Lastly, we use the Trigger method on the client object to broadcast an addNumber event over the visitorsCount channel.

Let’s create the setInterval function before the simulate function paste the following code:

    func setInterval(ourFunc func(), milliseconds int, async bool) chan bool {
    
        // How often to fire the passed in function in milliseconds
        interval := time.Duration(milliseconds) * time.Millisecond
        
        // Setup the ticker and the channel to signal
        // the ending of the interval
        ticker := time.NewTicker(interval)
        clear := make(chan bool)
        
        // Put the selection in a go routine so that the for loop is none blocking
        go func() {
            for {
                select {
                case <-ticker.C:
                    if async {
                        // This won't block
                        go ourFunc()
                    } else {
                        // This will block
                        ourFunc()
                    }
                case <-clear:
                    ticker.Stop()
                    return
                }
            }
        }()
        
        // We return the channel so we can pass in
        // a value to it to clear the interval
        return clear
    }

Using Goroutines and Channels, we have created a setInterval function that works like the one in JavaScript. For its parameters, it receives the function to be called after an interval, the interval and a boolean value that determines if it runs asynchronously or not.

Building the frontend

In this step, we will use the received data from the backend server to represent a mathematical graph. To achieve this, we can use any of the open source libraries that support chart types, such as bar charts, pie charts, line charts and scatter charts. Here are links to a few of the popular libraries:

• Highcharts
• Chart.js
• Google Charts
• Flot
• D3 JS

In this tutorial, we will use Chart.js; it has a fairly simple API and renders robust charts using the HTML canvas tag. It is also able to update the chart without completely re-rendering it and this is what we need since we will be rendering Pusher updates.
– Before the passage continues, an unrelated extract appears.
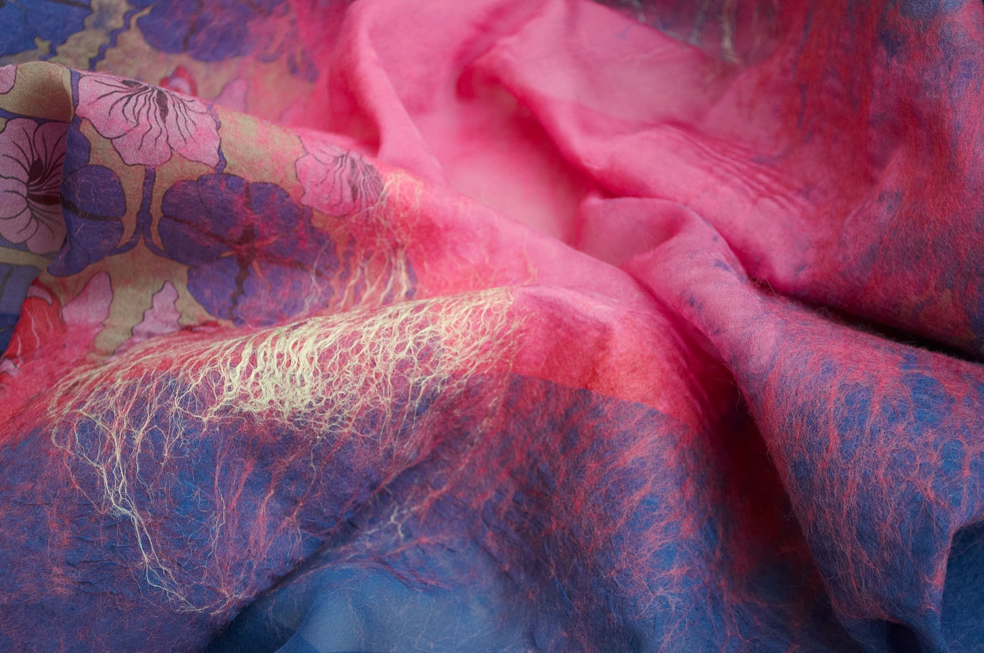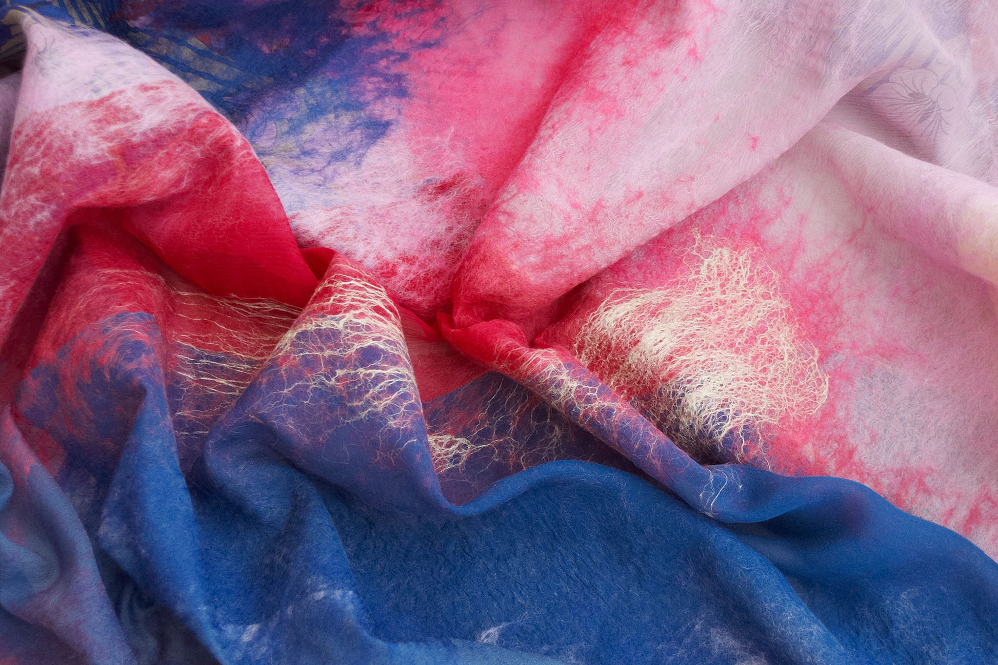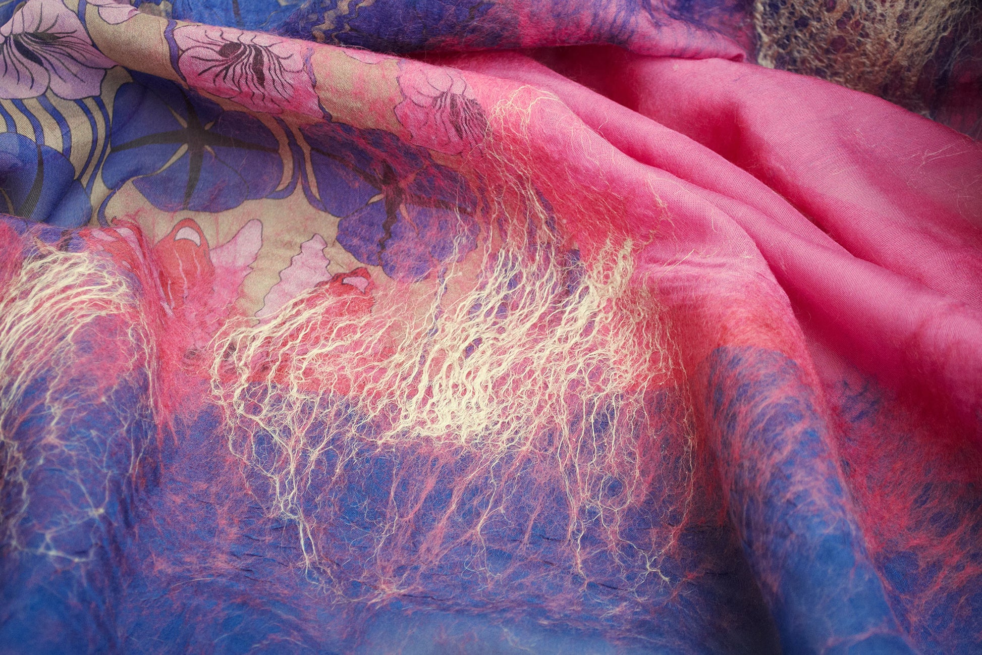 The shawl is made from the finest natural Italian silk and delicate merino wool 16 micron. Decorated with golden fibers of wild Muga silk.

To start building the frontend of our application, we will create a public folder in our working directory and create three files within it:

    $ mkdir public
    $ cd public
    $ touch index.html style.css app.js

Open the index.html file and update it with the following code:

    <!DOCTYPE>
    <html>
      <head>
          <title>Realtime User Analytics</title>
          <link rel="stylesheet" href="https://fonts.googleapis.com/css?family=Raleway:200">
          <link rel="stylesheet" href="./style.css">
          <link rel="stylesheet" href="https://maxcdn.bootstrapcdn.com/bootstrap/4.0.0-beta.2/css/bootstrap.min.css" integrity="sha384-PsH8R72JQ3SOdhVi3uxftmaW6Vc51MKb0q5P2rRUpPvrszuE4W1povHYgTpBfshb" crossorigin="anonymous">
          <meta name="viewport" content="width=device-width, initial-scale=1.0">
      </head>
    
      <body>
      
          <section class="subheader">
              <h2>Realtime User Traffic Analytics</h2>
              <button id="getUpdates" class="btn-primary"> Simulate user visits</button>
          </section>
          
          <section width="500px" style="margin:0 auto;width: 100%;max-width: 800px">    
              <canvas id="realtimeChart"></canvas>
          </section>
          
          <script src="https://cdnjs.cloudflare.com/ajax/libs/Chart.js/2.5.0/Chart.bundle.min.js"></script>
          <script src="https://js.pusher.com/4.0/pusher.min.js"></script>
          <script src="https://unpkg.com/axios/dist/axios.min.js"></script>
          <script type="text/javascript" src="./app.js"></script>
          
      </body>
    </html>

In the scripts part of the markup above, we pulled in the JavaScript Pusher library, Axios, and Chart.js.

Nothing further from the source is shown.